In In re Barnes & Noble Pin Pad Litigation, No. 1:12-cv-08617 (N.D. Ill. Sept. 3, 2013), the United States District Court for the Northern District of Illinois dismissed a putative class action against defendant retailer Barnes & Noble because the named plaintiffs could not establish injury in fact stemming from the alleged security breach, and thus lacked standing to bring their claims.
In August of 2012, Barnes & Noble discovered that its customers’ personal identifying information (“PII”) may have been “skimmed” by intruders who had tampered with card readers in many of its stores. Six weeks later, Barnes & Noble publicly announced the breach, but did not provide any individual notice. Plaintiffs, who were Barnes & Noble customers at the time of the incident, filed a class action complaint, alleging claims for breach of an implied contract and a violation of the Illinois Consumer Fraud and Deceptive Business Practices Act. Plaintiffs alleged several forms of injury, including untimely and inadequate notification of the breach, improper disclosure of PII, loss of privacy, and incurring time and expenses to mitigate the increased risk of identity theft or fraud. Only one of the four named plaintiffs experienced a fraudulent charge made to her credit card after she had shopped at a Barnes & Noble store.

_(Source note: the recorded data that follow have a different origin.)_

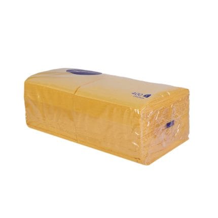 20,09 €/pak. Popierinės servetėlės 24×24 cm, 1/4, 1 sluoksnis, geltonos sp., pakuotėje 75 vnt.
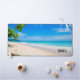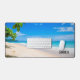 Schreibtischmatte mit einem schönen Foto. Ein weißer Sandstrand mit blauem Wasser. Entspannendes Bild mit sonniger Luft und sanftes, schäumendes Surfen mit niedlichen tropischen Blätter, die das Bild umrahmen.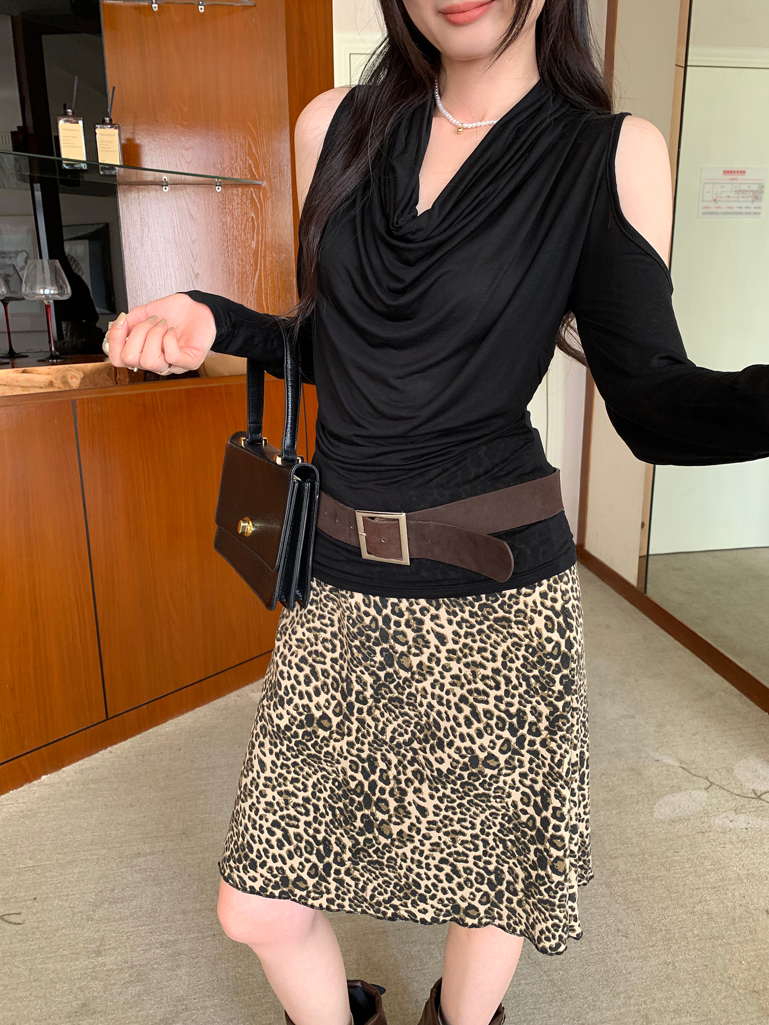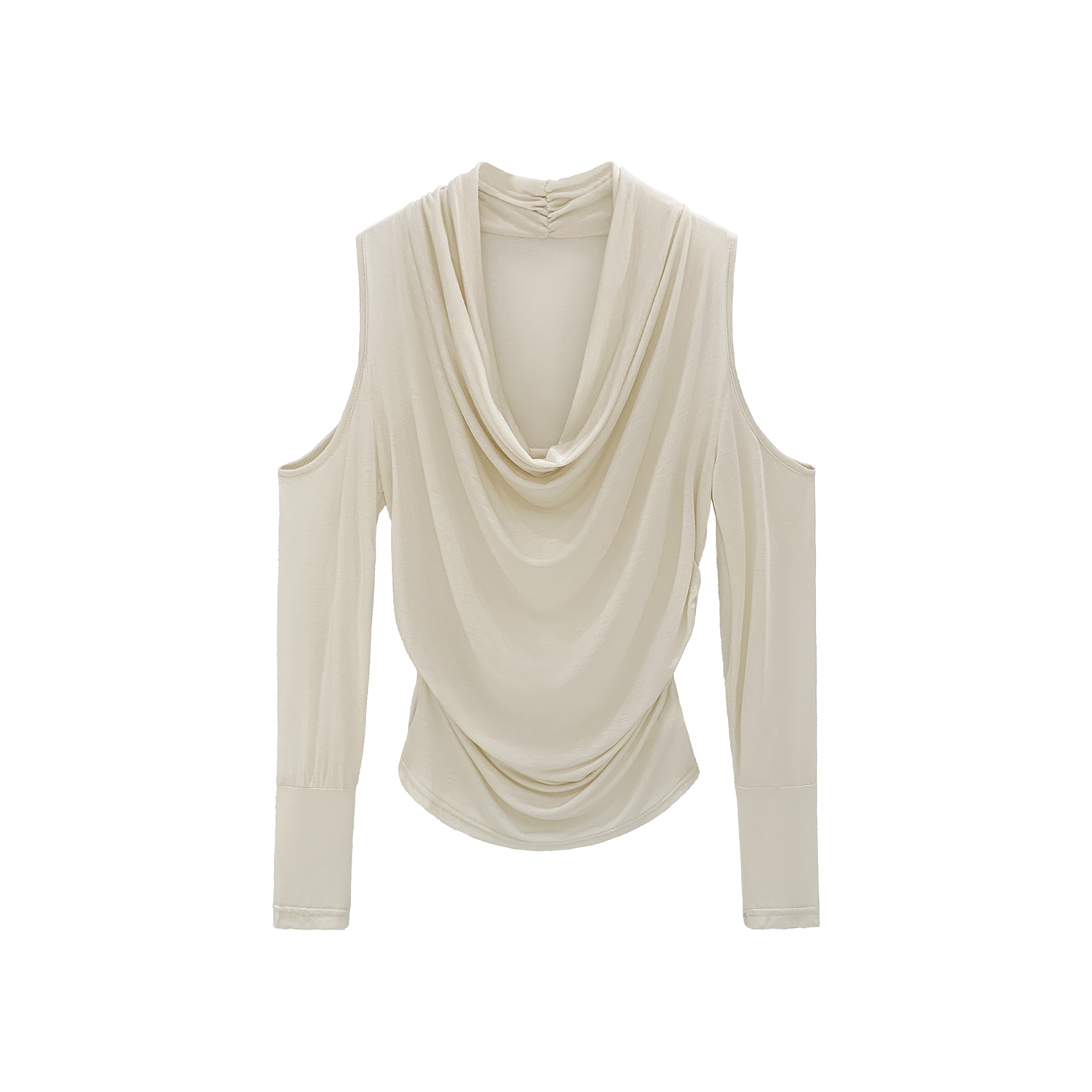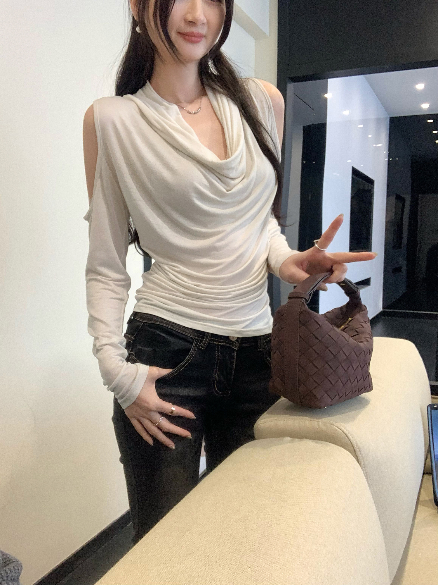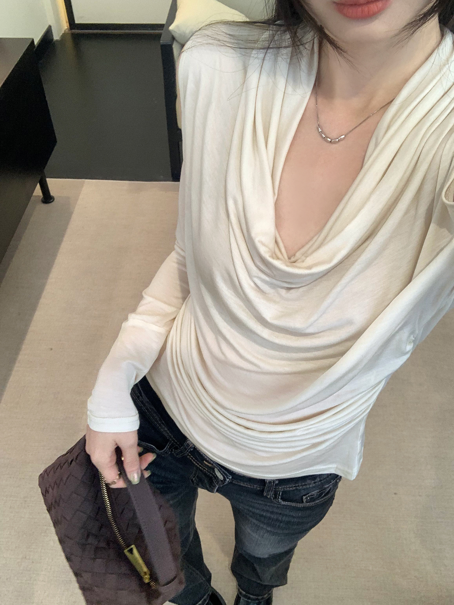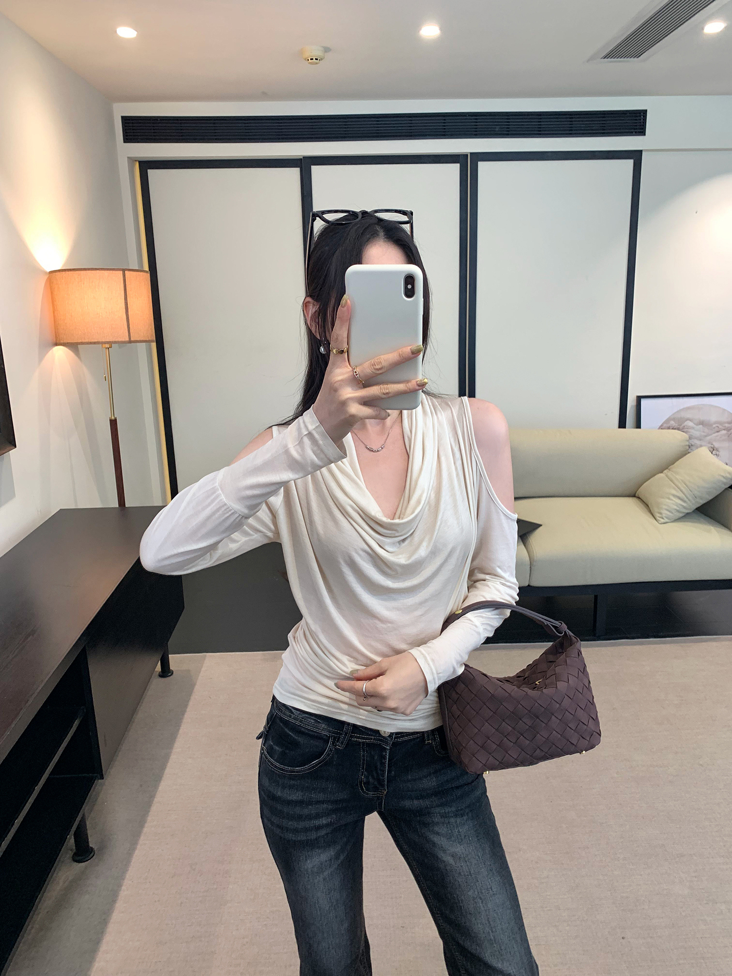 FA54548# 图莱赛尔天丝褶皱荡领长袖T恤女春季新款露肩百搭小上衣 服裝批發女裝批發服飾貨源

In dismissing all of those claims with prejudice, the Court relied heavily on the Supreme Court’s recent decision in Clapper v. Amnesty Int’l USA, 133 S. Ct. 1138 (2013), which was not a data breach case. Clapper clarified that while an injury that is “certainly impending” can establish injury in fact for the purposes of standing, “[a]llegations of possible future injury are not sufficient.” Id. at 1147. Applying the Clapper analysis, the Court stated that “merely alleging an increased risk of identity theft or fraud is insufficient to establish standing.” The Court further reasoned that, even assuming Barnes & Noble had violated certain notification statutes, breach of those statutes alone was insufficient to establish standing. Regarding the alleged improper disclosure of Plaintiffs’ PII, the Court found that, “[t]he inference that their data was stolen, based merely on the security breach, is too tenuous to support a reasonable inference that can be made in Plaintiffs’ favor.” Even as to the plaintiff with a fraudulent charge, the Court found those allegations insufficient because (1) the charge did not go unreimbursed; (2) the only purported harm was a time lag between learning of the charge and received a new card; and (3) there was no allegation that the fraudulent charge was related to the breach. Finally, as to the costs Plaintiffs incurred to mitigate an increased risk of identity theft, the Court reasoned that Plaintiffs could not manufacture standing by incurring costs in anticipation of merely potential harm.
This decision strengthens and adds additional support for the standing defense in data breach litigation. It further makes clear that Clapper, although not decided in the data breach context, can provide strong ammunition in defending breach-based claims.